- **Prompt**: In the listing below, locate the line that contains "This orange tie" and the line that contains "铜师傅 全铜摆件《侏罗纪世界3》之双脊龙 铜工艺品礼品桌面摆件". Restate word for word those two lines and every line between them, and nothing else.

(Extracted data)

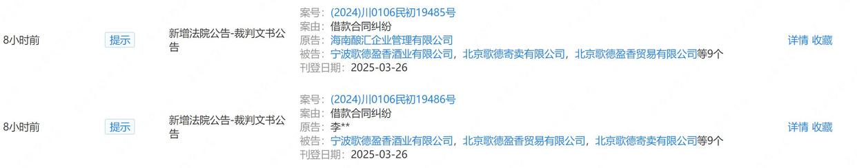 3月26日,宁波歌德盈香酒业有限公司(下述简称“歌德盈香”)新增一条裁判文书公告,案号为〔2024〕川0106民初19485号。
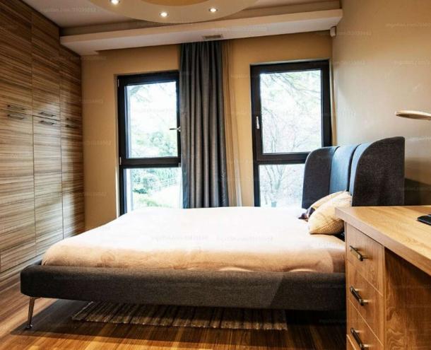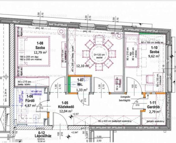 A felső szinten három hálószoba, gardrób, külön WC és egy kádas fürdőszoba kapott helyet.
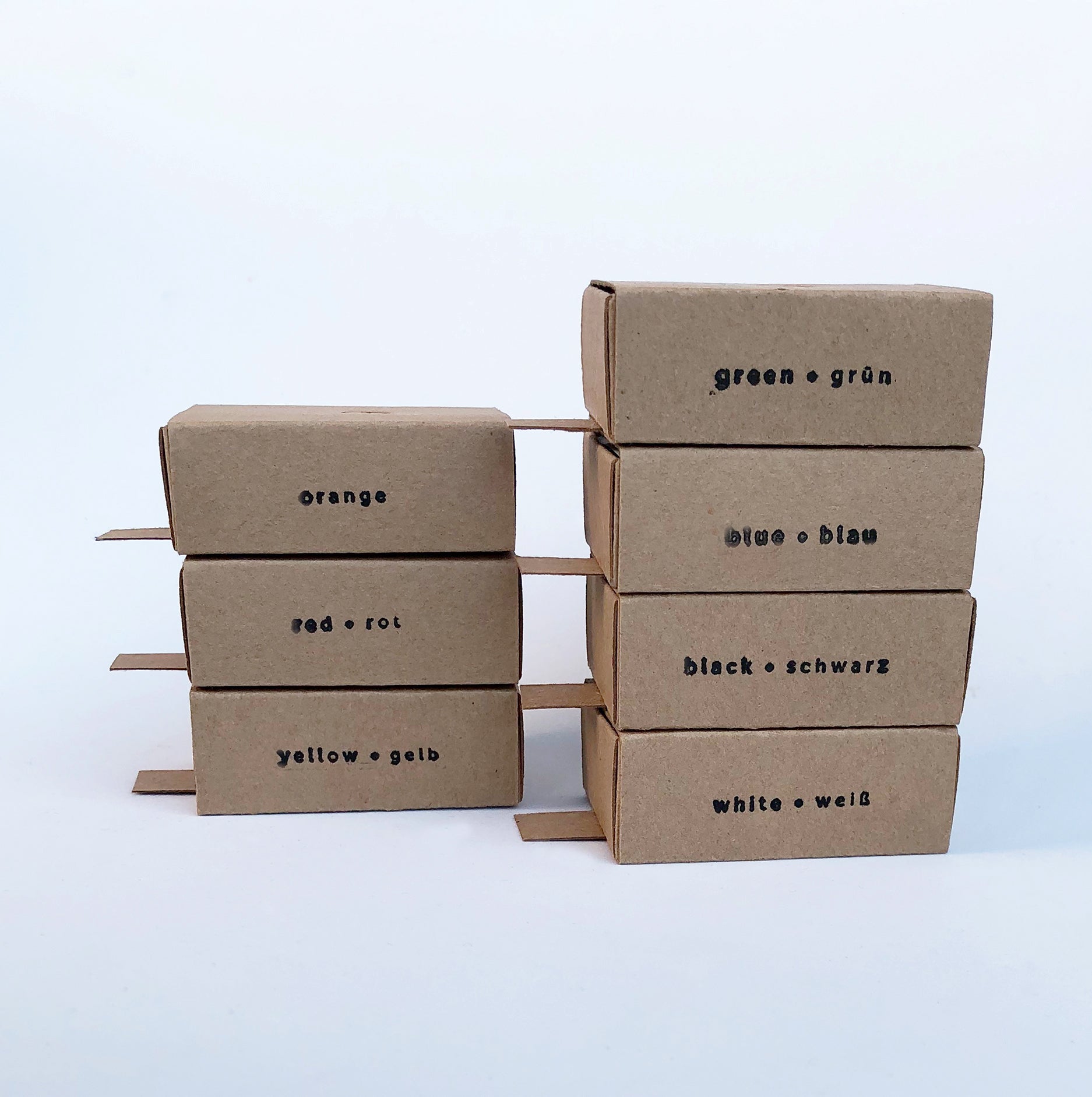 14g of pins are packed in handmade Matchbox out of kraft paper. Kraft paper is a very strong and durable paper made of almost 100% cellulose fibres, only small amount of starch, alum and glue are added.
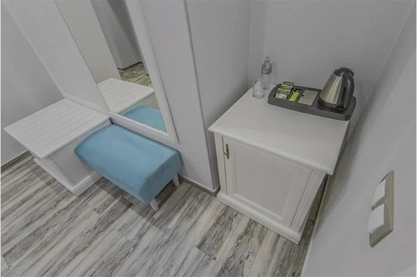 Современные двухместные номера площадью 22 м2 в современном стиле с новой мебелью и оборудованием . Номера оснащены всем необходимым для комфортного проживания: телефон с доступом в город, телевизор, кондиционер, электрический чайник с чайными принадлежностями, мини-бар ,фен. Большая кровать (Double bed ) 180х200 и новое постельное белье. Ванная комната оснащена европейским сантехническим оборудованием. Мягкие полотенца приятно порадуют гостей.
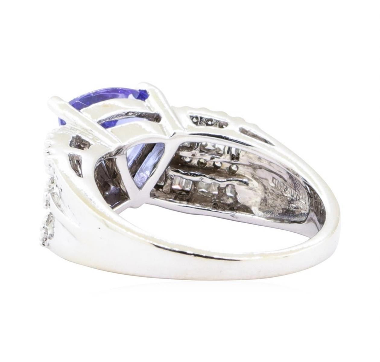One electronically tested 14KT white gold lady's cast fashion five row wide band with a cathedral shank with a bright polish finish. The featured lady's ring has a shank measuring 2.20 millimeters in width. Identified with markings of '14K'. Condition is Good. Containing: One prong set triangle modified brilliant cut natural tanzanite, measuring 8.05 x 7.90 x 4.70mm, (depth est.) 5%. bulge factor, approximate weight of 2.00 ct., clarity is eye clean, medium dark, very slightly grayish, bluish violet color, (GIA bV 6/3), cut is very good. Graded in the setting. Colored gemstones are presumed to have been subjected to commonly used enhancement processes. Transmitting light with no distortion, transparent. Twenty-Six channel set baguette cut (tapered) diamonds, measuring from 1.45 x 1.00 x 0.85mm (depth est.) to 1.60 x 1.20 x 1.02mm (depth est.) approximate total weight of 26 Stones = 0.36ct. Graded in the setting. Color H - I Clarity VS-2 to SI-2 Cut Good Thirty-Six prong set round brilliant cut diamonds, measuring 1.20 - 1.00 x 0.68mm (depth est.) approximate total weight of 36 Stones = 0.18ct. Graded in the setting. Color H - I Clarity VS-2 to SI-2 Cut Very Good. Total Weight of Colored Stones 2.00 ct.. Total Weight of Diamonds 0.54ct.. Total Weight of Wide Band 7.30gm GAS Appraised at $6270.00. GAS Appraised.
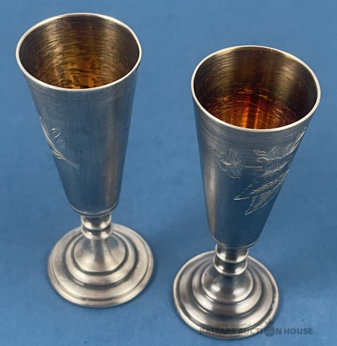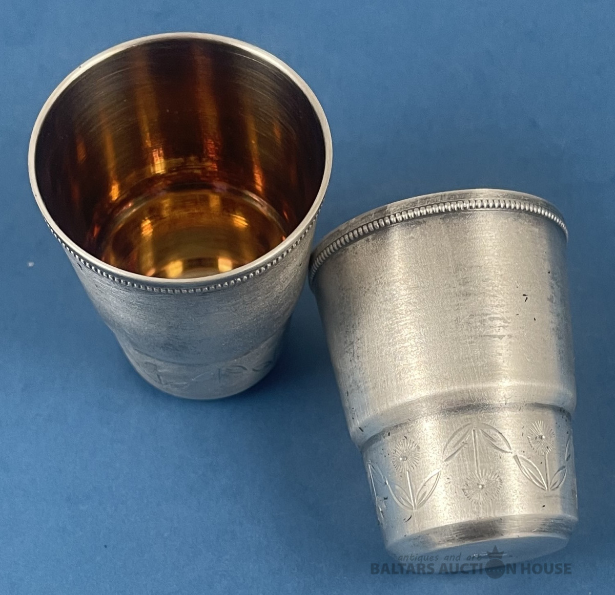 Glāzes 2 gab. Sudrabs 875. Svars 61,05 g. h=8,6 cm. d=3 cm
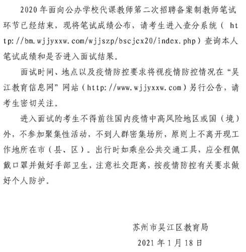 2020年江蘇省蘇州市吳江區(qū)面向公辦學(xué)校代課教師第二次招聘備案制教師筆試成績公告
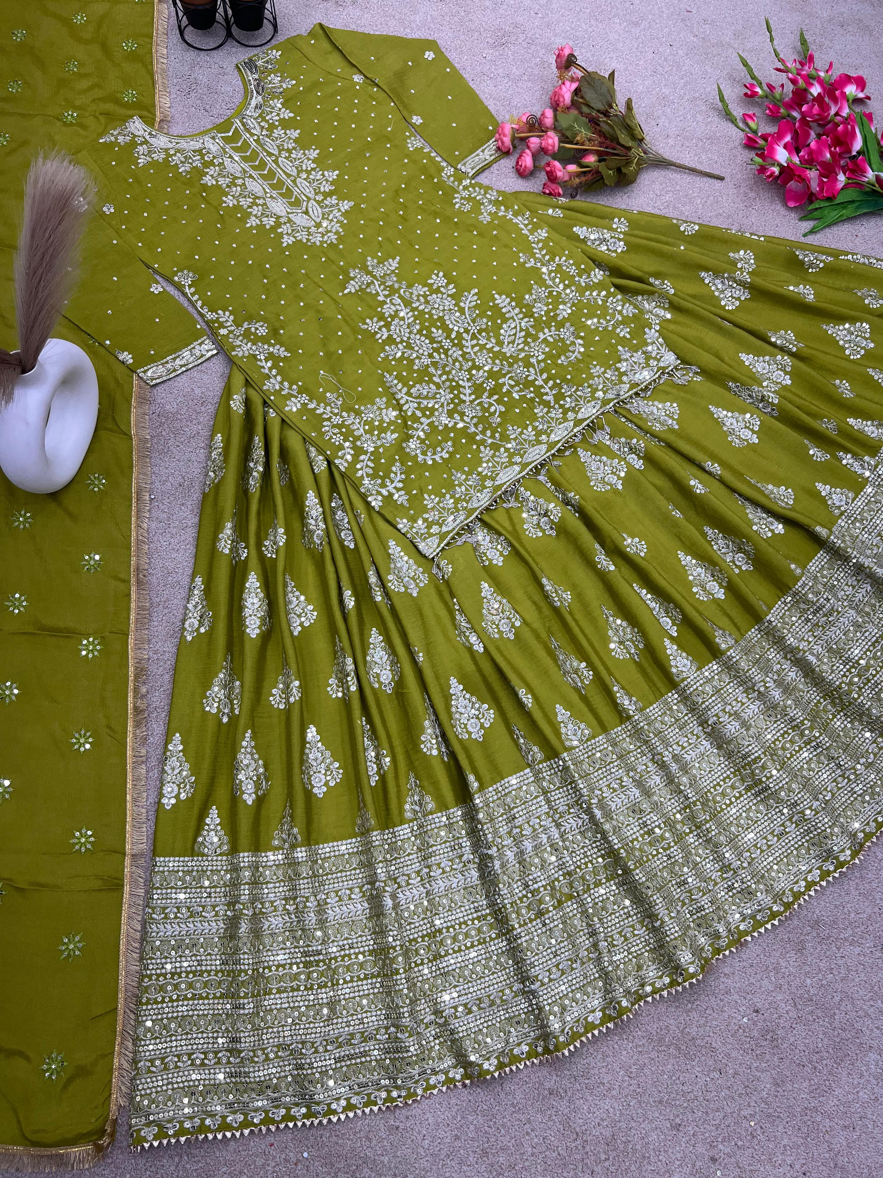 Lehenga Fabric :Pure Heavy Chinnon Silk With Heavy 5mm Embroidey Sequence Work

(End Extracted data)
(Extracted data)

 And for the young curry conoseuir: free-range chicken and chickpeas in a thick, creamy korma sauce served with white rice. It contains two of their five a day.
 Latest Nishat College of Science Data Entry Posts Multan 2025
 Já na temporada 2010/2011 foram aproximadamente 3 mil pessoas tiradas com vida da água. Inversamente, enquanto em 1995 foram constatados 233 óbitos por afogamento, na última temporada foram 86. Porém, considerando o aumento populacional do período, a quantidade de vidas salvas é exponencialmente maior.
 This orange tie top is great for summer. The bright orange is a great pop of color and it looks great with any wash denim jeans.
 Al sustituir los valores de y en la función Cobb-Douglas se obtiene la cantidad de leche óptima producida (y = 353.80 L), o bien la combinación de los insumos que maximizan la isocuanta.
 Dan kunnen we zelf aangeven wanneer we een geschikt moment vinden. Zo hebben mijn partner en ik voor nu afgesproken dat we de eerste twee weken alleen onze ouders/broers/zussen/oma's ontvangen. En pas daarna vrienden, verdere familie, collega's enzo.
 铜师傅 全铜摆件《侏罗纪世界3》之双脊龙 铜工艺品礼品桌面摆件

(End Extracted data)

- **Result**:
 This orange tie top is great for summer. The bright orange is a great pop of color and it looks great with any wash denim jeans.
 Al sustituir los valores de y en la función Cobb-Douglas se obtiene la cantidad de leche óptima producida (y = 353.80 L), o bien la combinación de los insumos que maximizan la isocuanta.
 Dan kunnen we zelf aangeven wanneer we een geschikt moment vinden. Zo hebben mijn partner en ik voor nu afgesproken dat we de eerste twee weken alleen onze ouders/broers/zussen/oma's ontvangen. En pas daarna vrienden, verdere familie, collega's enzo.
 铜师傅 全铜摆件《侏罗纪世界3》之双脊龙 铜工艺品礼品桌面摆件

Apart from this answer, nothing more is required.